Иными словами: нам хотелось бы того-то и того-то, но - вообще, у других; то
же, что делаем мы сами... Нет, не зло сдерживается добром - просто работает
мешанина культуры.

Музиль вводит даже понятие "динамической морали", требующей
непрекращающихся поисков новых решений и нравственных моделей человеческого
бытия. Герой Человека без свойств утверждает: "Прочные внутренние устои,
обеспечиваемые моралью, мало что значат для человека, воображение которого
направлено на перемены".

Этот порядок не такой прочный, каким прикидывается; любая вещь, любое
"я", любая форма, любой принцип - все ненадежно, все находится в невидимом,
но никогда не прекращающемся изменении; в нетвердом - больше будущего, чем в
твердом, и настоящее - не что иное, как гипотеза, которую ты еще не
отбросил.

...добро и зло не являются константами, а предстают функциональными
значениями.

Следом за Ф. Шлегелем Музиль полагает, что для духа человеческого
одинаково убийственно обладать системой и не иметь ее вовсе.

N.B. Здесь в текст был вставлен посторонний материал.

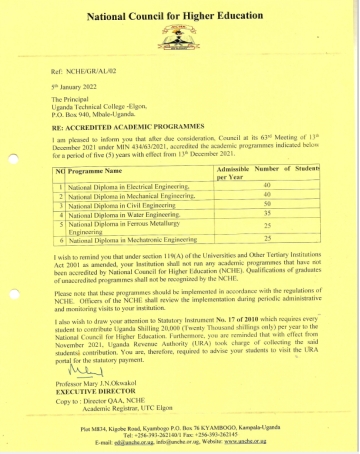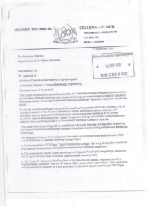 2020年初Beat365中文官方网站教务处牵头组织两个专业的国际化专业教学标准的制定,校企校三方完善修订了针对乌干达经济发展状况的两个专业国际化教学标准,为学历认证做好准备。2020年9月埃尔贡乌干达技术学院向乌干达国家高等教育委员会递交了关于申请乌干达鲁班工坊两个新专业审批的信函。

Р. Музиль: "Моей моралью, видимо, всегда была та, которую я в первом
томе [Человека без свойств] охарактеризовал как своего рода джентльменскую
мораль. Безупречный в повседневности - но над всем этим более высокий
имморализм. Сейчас, однако, подошла пора делать выбор. Это, конечно,
действие нашего века, обучающего нас азам истории".

Эстетика для Музиля не существует без этики, - и одна магия слов не
дает ему удовлетворения. Более того, чем последовательней Музиль
придерживается логической строгости в своих утопиях, тем неумолимей идут они
к сокрушительному концу. И камень преткновения - именно этика. Герои Музиля
в конечном счете мечтают о всеобъемлющей любви - к ближнему, ко всем людям,
- но свои утопии они строят все-таки на отрицании всего наличного мира как

    665



абсолютно буржуазного. Этику альтруизма они пытаются вывести из
радикально-индивидуалистической посылки, и это порождает мучительный надлом
в сознании и самих героев, и их творца - писателя Музиля.

Для Ульриха мораль - не навязанная мудрость, а бесконечная совокупность
возможностей жить. Он верит в мораль, не веря в какую-то заданную,
определенную мораль. Рядом с абсолютной этикой существует личностная,
страстная, заинтересованная, подвижническая. Для Ульриха нравственность -
фантазийна, многообразна (но не произвольна!). Возможно, за этим кроется
некая релятивность или хаотическая неопределенность, но это справедливо лишь
для низших культурных стадий. На верхних же непреклонная нравственность
равна фанатизму. Высокая культура сама по себе - нравственность.

Как многие выдающиеся современники - Людвиг Витгенштейн, Карл Краус,
Франц Кафка, Отто Вайнингер, Музиль му-чится в поиске нравственного
абсолюта, стремится собственной жизнью подтвердить истинность обретенных
этических идей, но все больше осознает неразрешимость задачи...

Музилю принадлежит модернистская этическая идея опасности "исполнения
долга", подмены этического чувства его оболочкой: "Германия погибла не из-за
своих аморальных, а из-за своих моральных граждан. Мораль не была подорвана,
она попросту оказалась пустой оболочкой".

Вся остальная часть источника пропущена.